# Paracrystalline

Paracrystalline materials are defined as having short and medium range ordering in their lattice (similar to the liquid crystal phases) but lacking long-range ordering at least in one direction.[1]

Ordering is the regularity in which atoms appear in a predictable lattice, as measured from one point. In a highly ordered, perfectly crystalline material, or single crystal, the location of every atom in the structure can be described exactly measuring out from a single origin. Conversely, in a disordered structure such as a liquid or amorphous solid, the location of the first and perhaps second nearest neighbors can be described from an origin (with some degree of uncertainty) and the ability to predict locations decreases rapidly from there out. The distance at which atom locations can be predicted is referred to as the correlation length $\xi$. A paracrystalline material exhibits correlation somewhere between the fully amorphous and fully crystalline.

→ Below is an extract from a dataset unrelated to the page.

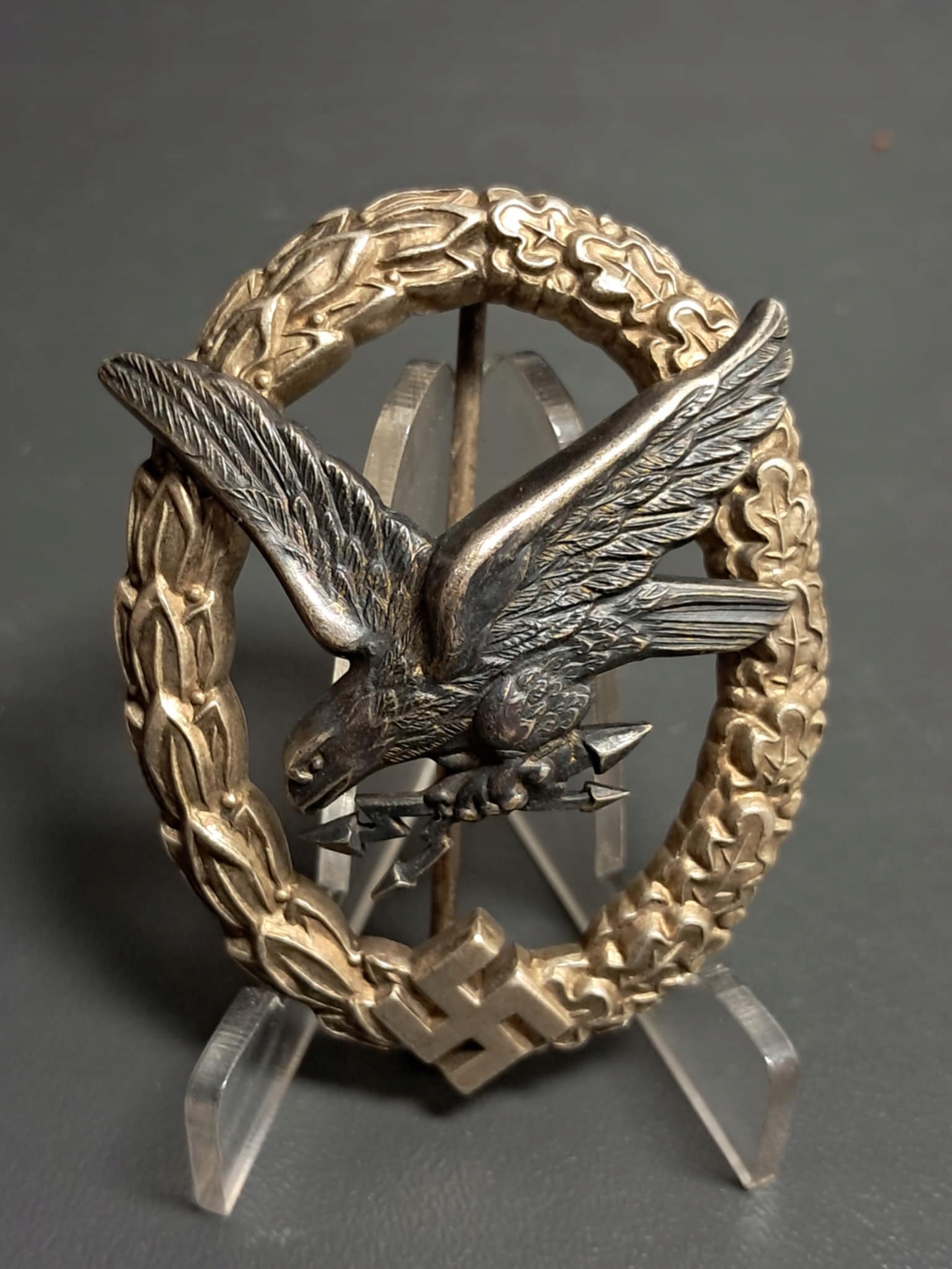 был основан 19 января 1935 года Германом Гёринг. Первоначально он был предоставлен авиационным сотрудникам, выполняющим функции радио операторов, стрелков на доске и воздушной механики, по крайней мере, через год с начала необходимого обучения. Значок имеет овальную форму, слегка выпуклый и окружен серебряным венком лавровых и дубовых листьев, с свастикой у основания венка. В центральной части значка есть орел, держащий два креста с молнией в когтях.

The primary, most accessible source of crystallinity information is X-ray diffraction and cryo-electron microscopy,[2] although other techniques may be needed to observe the complex structure of paracrystalline materials, such as fluctuation electron microscopy[3] in combination with Density of states modeling[4] of electronic and vibrational states.

## Paracrystalline model

Structure of silica – an example of a paracrystalline, or partially disordered lattice

The paracrystalline model is a revision of the Continuous Random Network model first proposed by W. H. Zachariasen in 1932.[5] The paracrystal model is defined as highly strained, microcrystalline grains surrounded by fully amorphous material.[6] This is a higher energy state than the continuous random network model. The important distinction between this model and the microcrystalline phases is the lack of defined grain boundaries and highly strained lattice parameters, which makes calculations of molecular and lattice dynamics difficult. A general theory of paracrystals has been formulated in a basic textbook,[7] and then further developed/refined by various authors.

## Applications

The paracrystal model has been useful, for example, in describing the state of partially amorphous semiconductor materials after deposition. It has also been successfully applied to synthetic polymers, liquid crystals, biopoloymers, and biomembranes.[8]